TRUCK DRIVERS: They don't just move big rigs around. They also need to keep detailed log books, plan out routes, pass inspections -- and know how to talk civilly and constructively to DOT inspectors. An eighth grade education will not get you there. Especially on the last part. The back-and-forth of a high-school classroom socializes teenagers to work with authority. Most high school dropouts give up because they can't conform to those norms, not because they can't do the work. Trucking companies rightfully insist on a high school degree for exactly this reason.

FINANCIAL ADVISERS: Met any lately? I work in a co-lo space with several within 50 feet. They're all college educated, and they put non-obvious skills from their education to work, every day. They need to provide their clients with highly literate, personalized updates via quarterly letters. They need a sophisticated understanding of clients' expressed and unstated needs -- and you're not going to be fully capable of doing that with just a high school education. Some college-level psychology classes, history classes or behavioral econ classes will get you in the game. And if you actually want to be a financial adviser with some understanding of how markets work, an econ/finance major is your best path in.

Some of the other analysis is quite interesting. But the classification errors in this piece are more than just a matter of tweaking a spreadsheet. They come from a deeper misunderstanding of what many jobs are all about.



My father has been a truck driver from the late eighties on.

He is from rural Mexico and became a naturalized citizen of the US in his early 50s a couple years ago. The extent of his formal education was through 6th grade which was the furthest offered in his area when he grew up; he has had no further contact with the educational system since then.

In the nearly three decades that he has been driving trucks he has routinely won driver of the year awards as well as other frequent commendations for excellent performance in all job aspects while not a single time receiving a reprimand for uncivil or unconstructive conduct in any situation. His previous job experience before entering trucking in the 80s was a bit of construction work followed by quite a few years of dairy work; not places where he would have frequently encountered and worked along side better educated people that would have given him the opportunity to pick up on their habits and means of operating.

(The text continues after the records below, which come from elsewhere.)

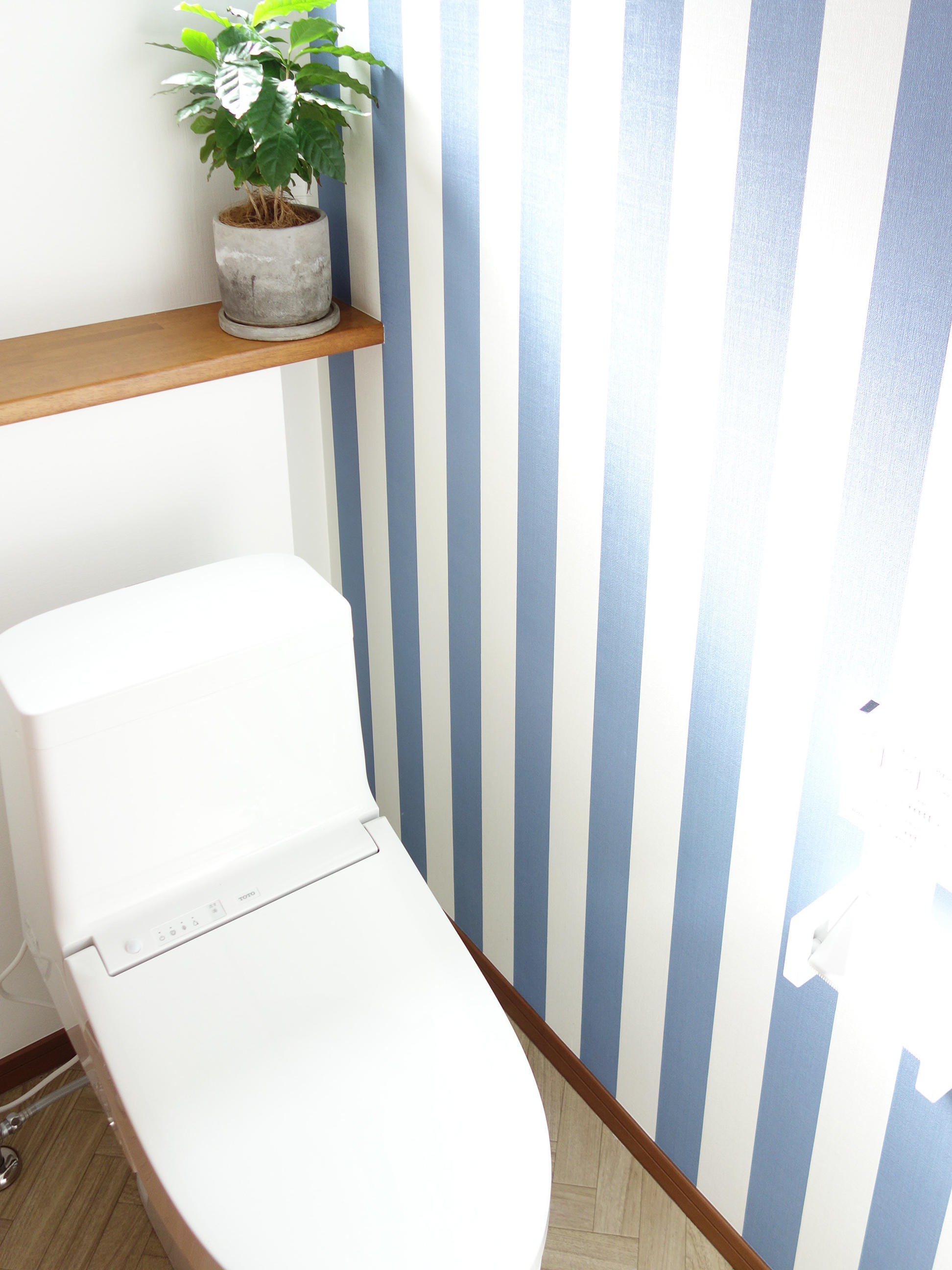 青ストライプのアクセントクロスがトイレを明るい空間にします。床にはヘリンボーンのクッションフロアを採用。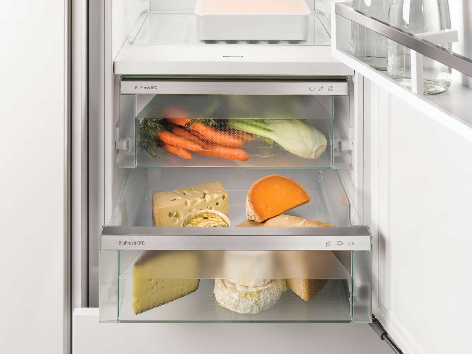 Завдяки **сигналізації відкритих дверей** і **захисту від дітей**, ваші продукти будуть у безпеці. Холодильник має **лідерське рішення з системи освітлення – світлодіодне потолочне освітлення**, що забезпечує хорошу видимість. Він також оснащений **вбудованими полицями зі скла** та **регульованими по висоті ніжками**, що легко адаптується до вашого інтер'єру. З Liebherr ICBdi 5122 Plus ви будете насолоджуватися свіжими продуктами з максимальним комфортом!
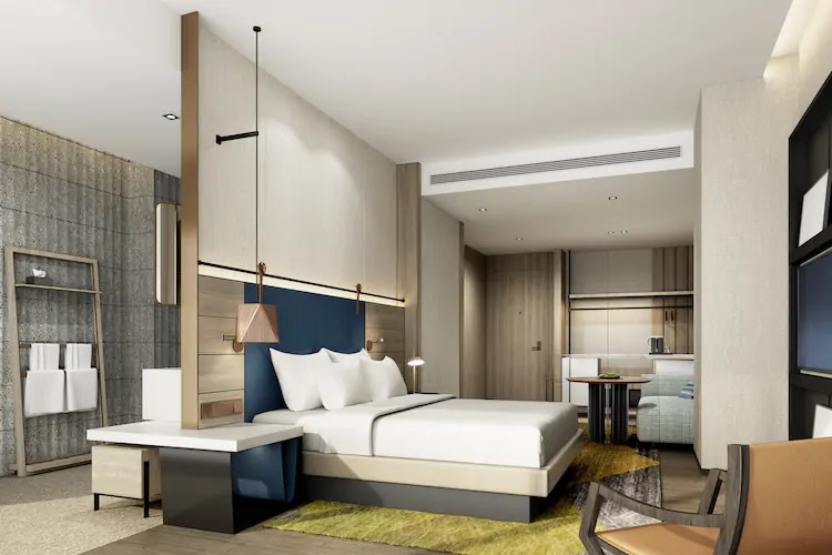 | 一般房型(或標準客房)的設計構想圖,從房門口往內看 (圖片來源: 希爾頓官網 ) |

I believe that his example shows that it is not necessary to go through eighth grade to learn these skills; I suspect that rather than eighth grade imparting superior skill towards functioning in society, it is instead a filter for those students that our one-size-fits-all school system fails to accommodate that then disposes those students outside of the system without any recourse or additional assistance which sets them up for a failed and miserable life in many cases.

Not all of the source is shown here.